SMS/Phones: B+ for security, B- for usability
Then there are the dedicated, machine-based factors.
These range from security devices you plug into your computer, authentication applications like OneLogin Protect or Google Authenticator, or even secure certificates (essentially a secure key that’s been installed on a specific machine you used to log in.) These are very secure factors that are tied to a specific thing you own.
They also don’t get an A+ on usability because… well, what happens when you lose the device?
One Time Password: A for security, B- for usability
Push Notification: A for security, B for usability
Device Verification: A+ for security, A for usability
Then there’s the “ultimate factor” - Physically appearing in person (or via a web conference), before an actual human being, and providing concrete evidence that you are who you say you are in the form of a government-issued ID.
Terrifically secure! But, not even remotely user-friendly.
Physical Identity: A+ for security, D- for usability
One thing to consider with any of these additional factors is “What happens if I lose or forget them?” and this is where it’s good to consider alternate factors that can be used to recover from this situation.
Forgot your password? Use your email account or an authentication app to recover it.
Don’t have a trusted device handy? Username / password / email might be sufficient to get in.
Just remember, each of these backup mechanisms “increases your attack surface” - which is just security speak for “more ways into an account”

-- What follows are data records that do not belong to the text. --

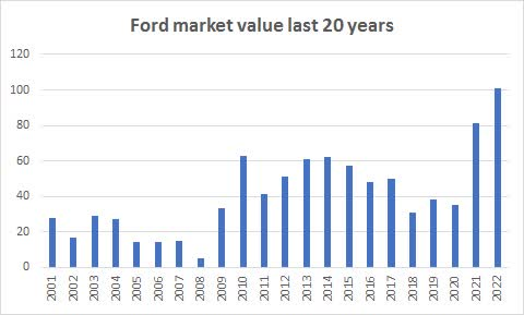 从历史上看,您可以看到福特的MV在50亿美元到1000亿美元之间变化很大,它的价格具有相当大的弹性。
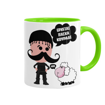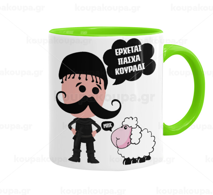 Κρητικός "Έρχεται Πάσχα κουράδι", Κούπα χρωματιστή βεραμάν, κεραμική, 330ml
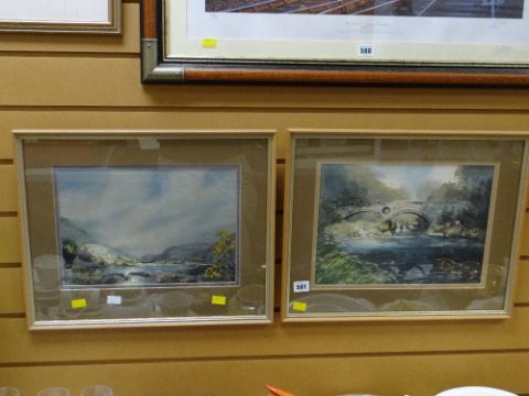 A pair of watercolours of a Welsh river & Welsh lake scene
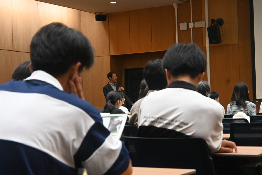 北海道大学とSDGsの関係性について講義を行いました。講義では、本学の4つの基本理念や、今日まで培ってきた本学の学問の自主、自由の精神が、SDGsにつながっていること、そしてTHEインパクトランキングで高い評価を得ていることを説明しました。また、部局の垣根を超えた研究活動や学生の主体的な活動が行われていることを紹介しました。こうした活動の根幹にあるパートナーシップが北海道大学の強みであることを説明しました。
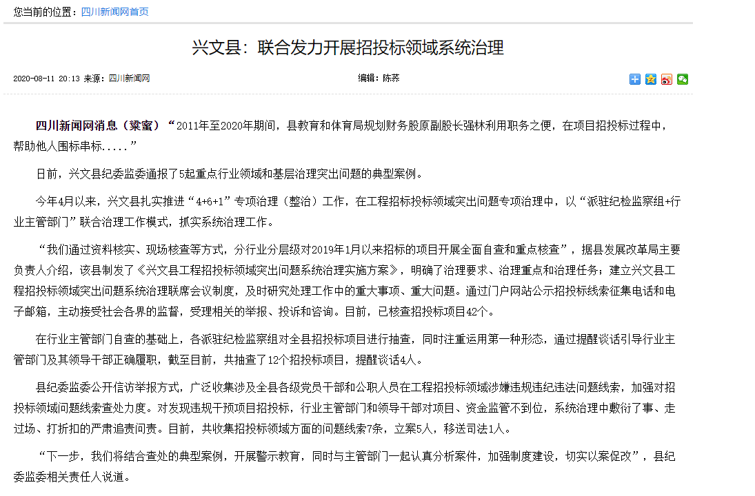 四川文兴县开展招投标领域系统治理。今年4月以来,兴文县扎实推进“4+6+1”专项治理(整治)工作,在工程招标投标领域突出问题专项治理中,以“派驻纪检监察组+行业主管部门”联合治理工作模式,抓实系统治理工作。
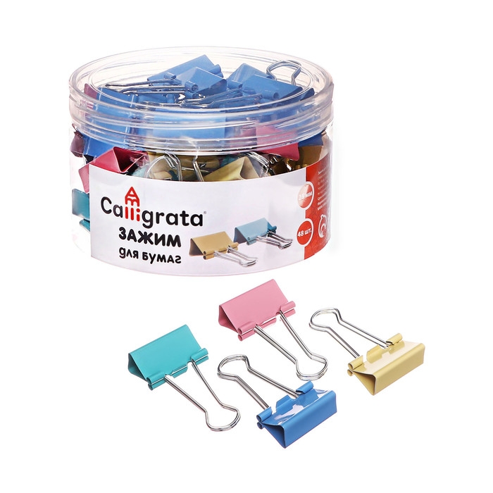Набор зажимов для бумаг, цветные, 19 мм, 40 штук, 4 цвета, в пластиковой тубе, МИКС, CALLIGRATA
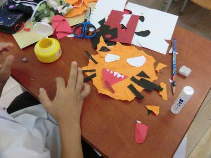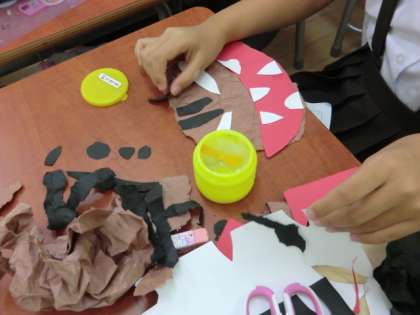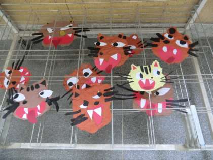 2年生が国語科の物語文「ニャーゴ」の学習を題材に、図工の時間に登場人物の貼り絵の制作に取り組んでいました。それぞれがしっかり考え、特徴をとらえた作品に仕上がっていました。
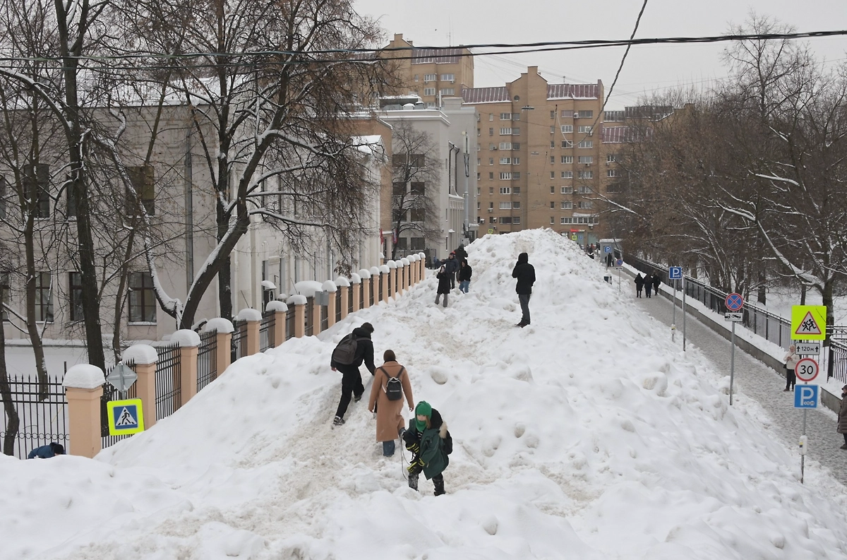 В Москве после обильных снегопадов на Миусской площади коммунальщики формируют огромный сугроб, который уже успели прозвать «Миусской дюной». Снег свозят сюда с прилегающих улиц, а место быстро стало необычной городской достопримечательностью.
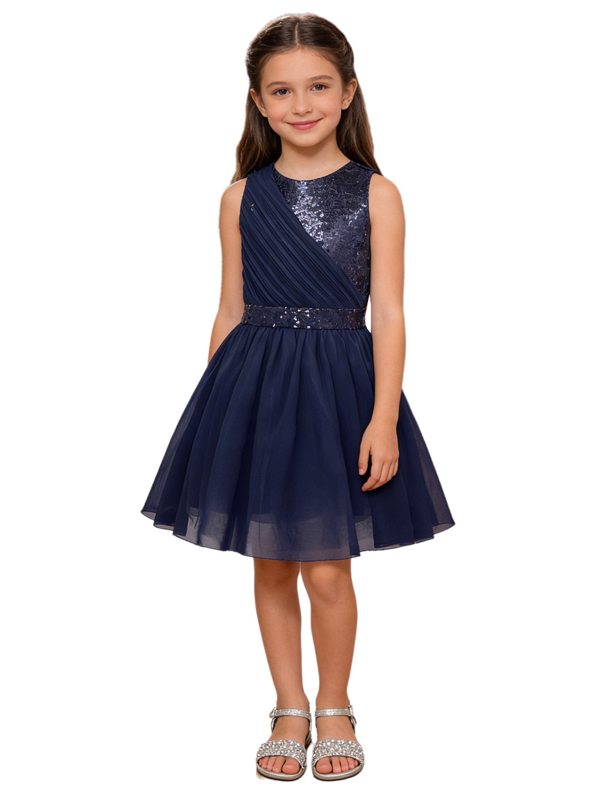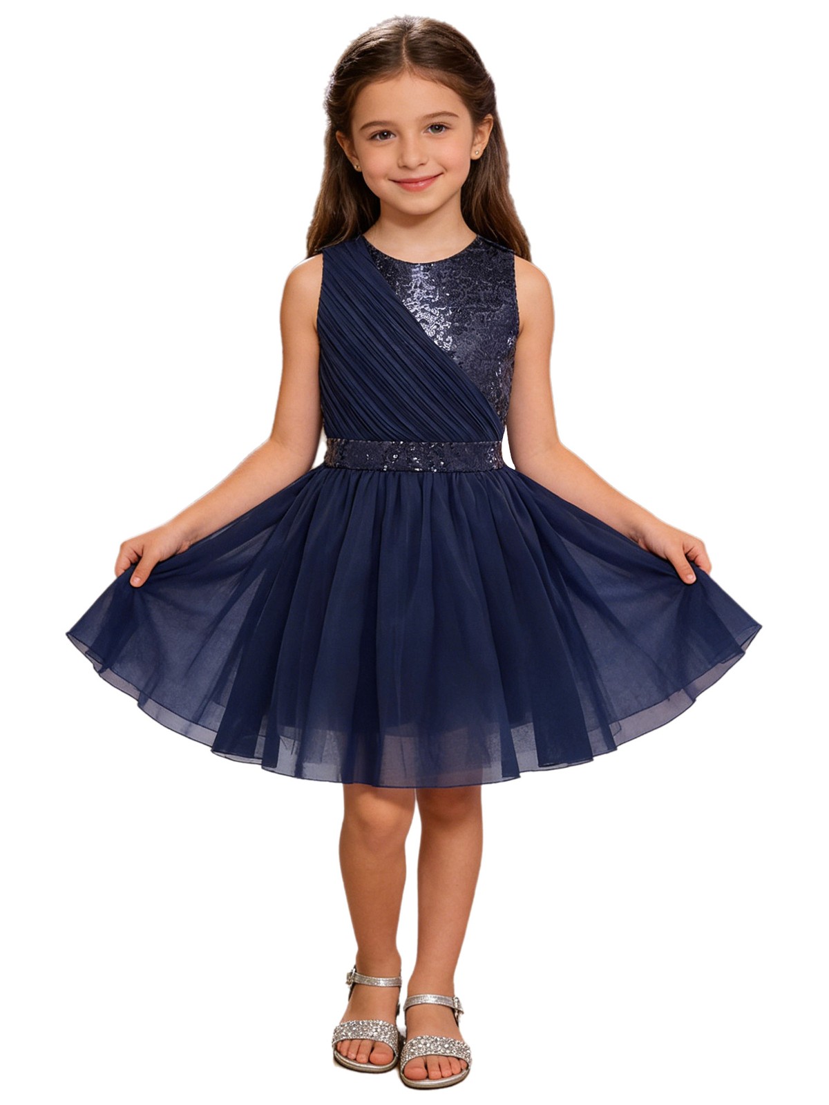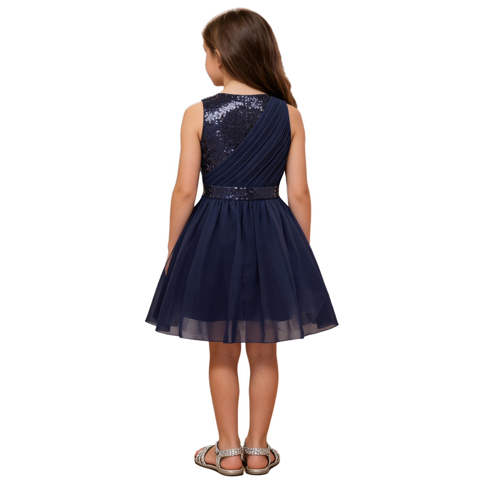 как выглядит Kids Girls Gown Asymmetrical Dresses Puff Dress Sparkly Glittery Formal Sequin фото
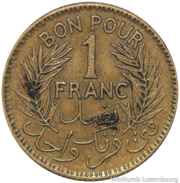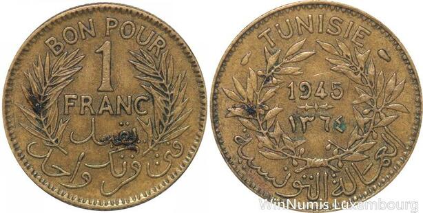 R8218 Tunisia 1 Franc AH 1364 1945 -> Make offer
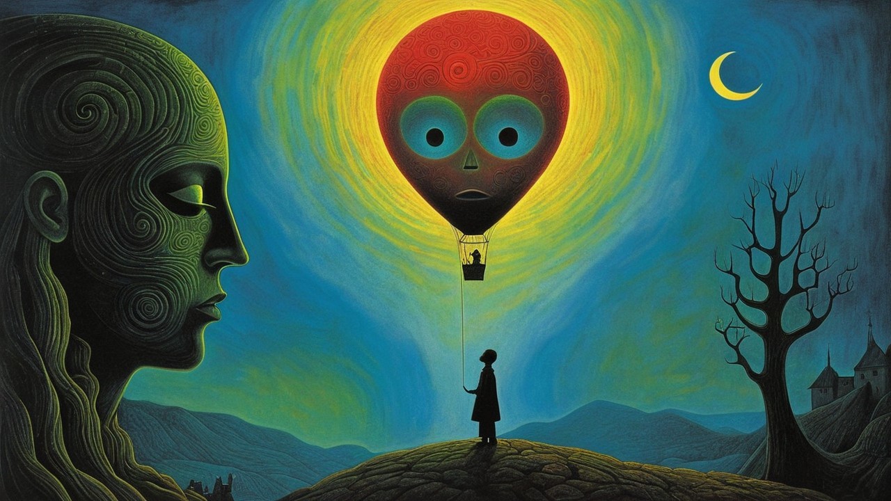 A highly detailed painting depicts an ethereal, surreal, and mystical landscape. On the left, a giant, otherworldly figure with intricate green spiral patterns on her skin and hair, with closed eyes and a serene expression, observes the scene. In the center, a red hot air balloon resembling a face with glowing
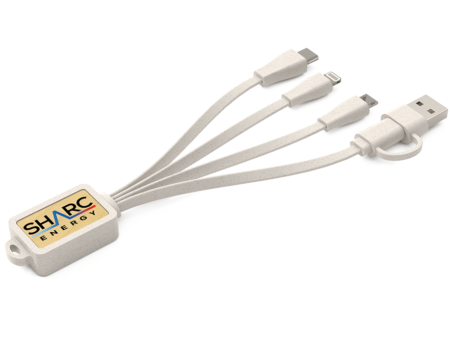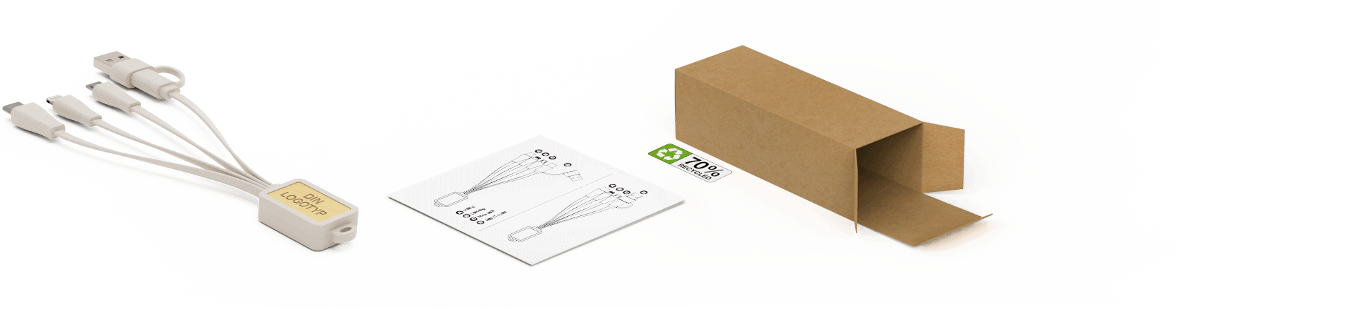 - Med standardkontakter för USB, USB-C, Lightning och Micro USB
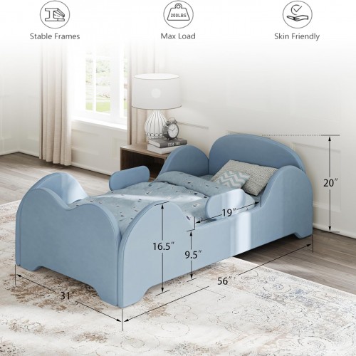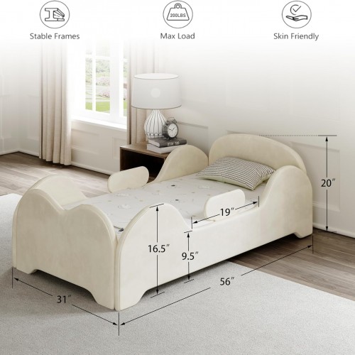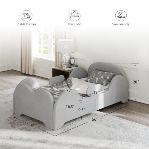 Toddler Bed, Toddler Floor Bed Frame with Guard Rails, Kids Bed for Ages 2-6 Years, Certified Fabric
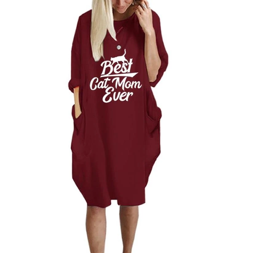 (0% Off) Купить Новое поступление, футболка для женщин, лучший Кот, мама, буквенный принт, карман размера плюс, топы, Harajuku, футболка, забавная, летняя, с откры... Цена Дешево
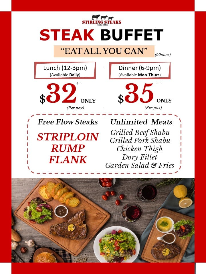 But that’s only if you pay for it a la carte. Big eaters can indulge in all the striploin or rump they want from just S$32++ with Stirling Steaks’ special free-flow Steak Buffet.
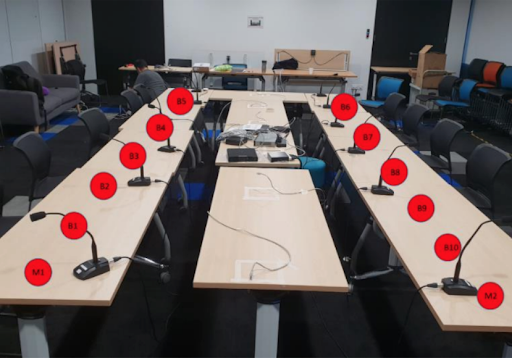 Pag-setup ng silid ng kumperensya ng PoC. Mayroong 12 nagsasalita na nagsi-simulate ng isang 2-oras na pagpupulong ng gobyerno.
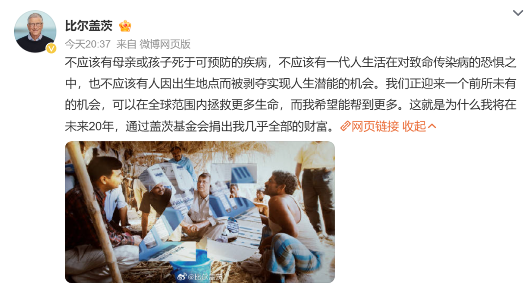 盖茨在文章中写道:“当前有太多亟待解决的问题,我不应该把本可以用于帮助他人的资源据为己有。因此,我决定比原计划更快地把我的财富回馈社会。未来20年,我将通过盖茨基金会捐出我几乎全部的财富,用来挽救和改善世界各地的生命。”
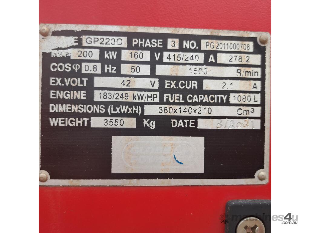 Ex Rental 200KVA Primepower 220KVA Standby Generator.
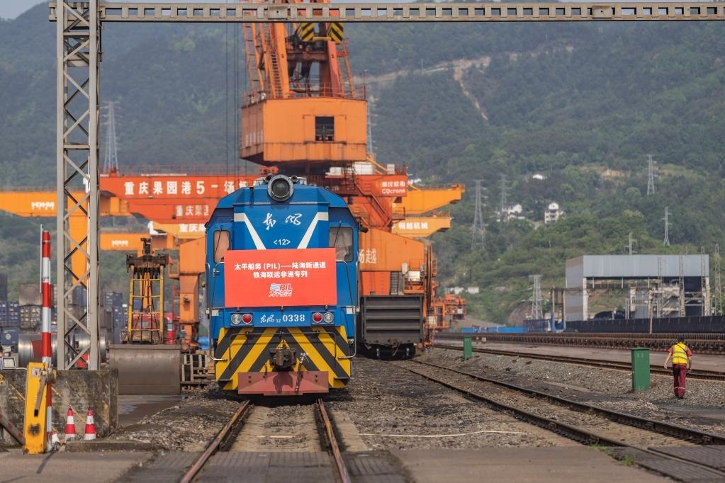 這是2023年4月27日,太平船務——西部陸海新通道江鐵海聯(lián)運非洲專列在重慶果園港魚嘴站等待發(fā)車。
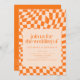 Retro Orange Abstract Check Wedding QR Code RSVP Invitation
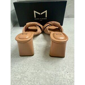 Marc Fisher Nude Chunky Heel Mule Sandals Womens Size 6.5 Leather Square Toe
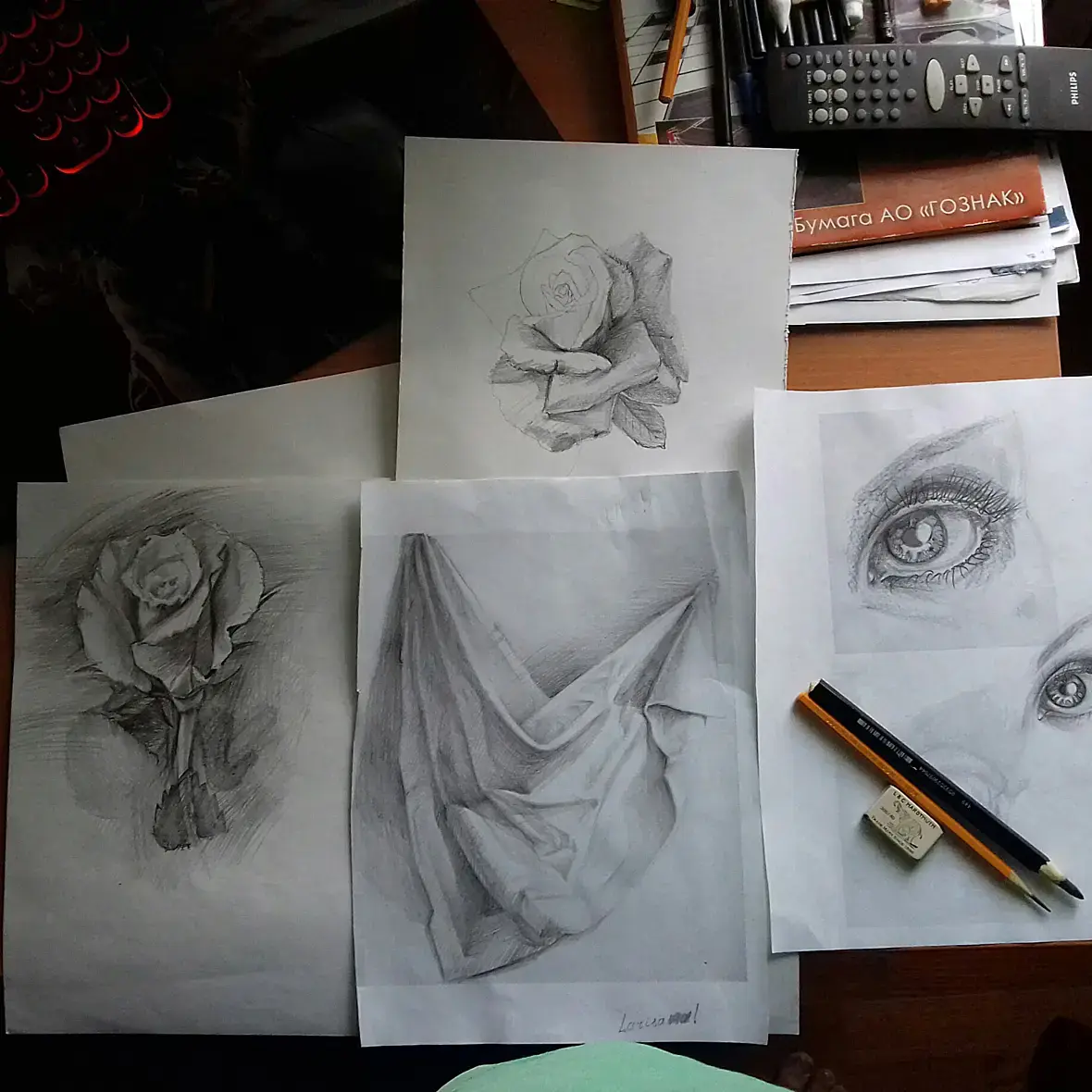 Тоже несколько лет назад решил вспомнить как рисовать, но что то нет времени и довольно тяжко это все без практики)) Это меня озарение настигло ,проснулся и нарисовал то что на стуле у пианино лежало с утра
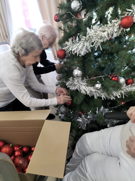 Ce 24 novembre, à un mois exactement de Noël, les résidents ont participé avec enthousiasme à la décoration des sapins de Noël.
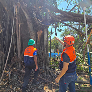 Ventos derrubam parte de árvore e Defesa Civil isola área para proteger população
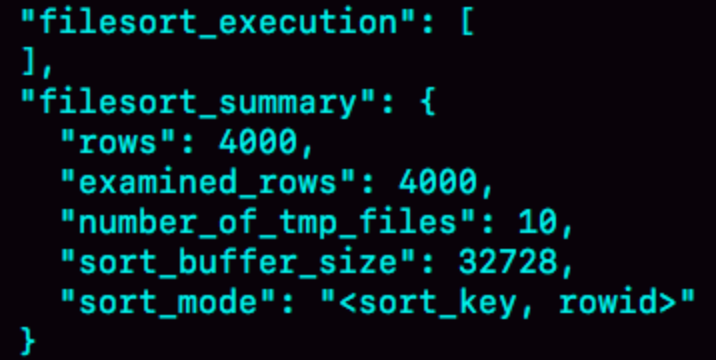而如果sort_buffer_size超过了需要排序的数据量的大小,number_of_tmp_files就会是0。sort_buffer_size越小,number_of_tmp_files的值会越大。

The most important additional security: Your habits
The good news is all of these additional factors can be paired with something called ‘behavioral analytics.’ Essentially, the system you’re authenticating against can monitor where you typically log in, what devices you use to log in, the time of day you typically log in, and—perhaps most importantly—what you’re trying to do.
If your risk profile is low…You’re logging in from home at 6 PM, same as you do everyday, and checking your account balance. Maybe asking for an additional factor is overkill. Heck, maybe asking for username and password is too much when a simple push notification asking “You want to log in?” is enough.
On the flip side, if suddenly someone is logging in from a foreign country, on a device they’ve never used before, at 4 in the morning, to transfer $100K…The system can simply say, “No. Call us and establish your identity with a web conference and a passport or driver’s license.” And, if that’s not possible, please wait until you can get back to a familiar location.”
Long story short:
- Security questions are a joke.
- SMS is fine… but, a determined hacker can bypass it.
- Hardware devices are pretty good. Although, a really determined hacker could trick you into providing it, or spearphish you into falling for a man-in-the-middle attack. And you better keep your device handy.
- Certificates—Good luck with that, hacker. At this point, you have to steal my device and unlock it. But, I better have my device on hand if I want to log in.
- Actually verifying your identity to a human is one of the best factors. But, it’s very expensive and should only be used as a factor of last resort.
- The future belongs to behavioral analytics paired with the right factors.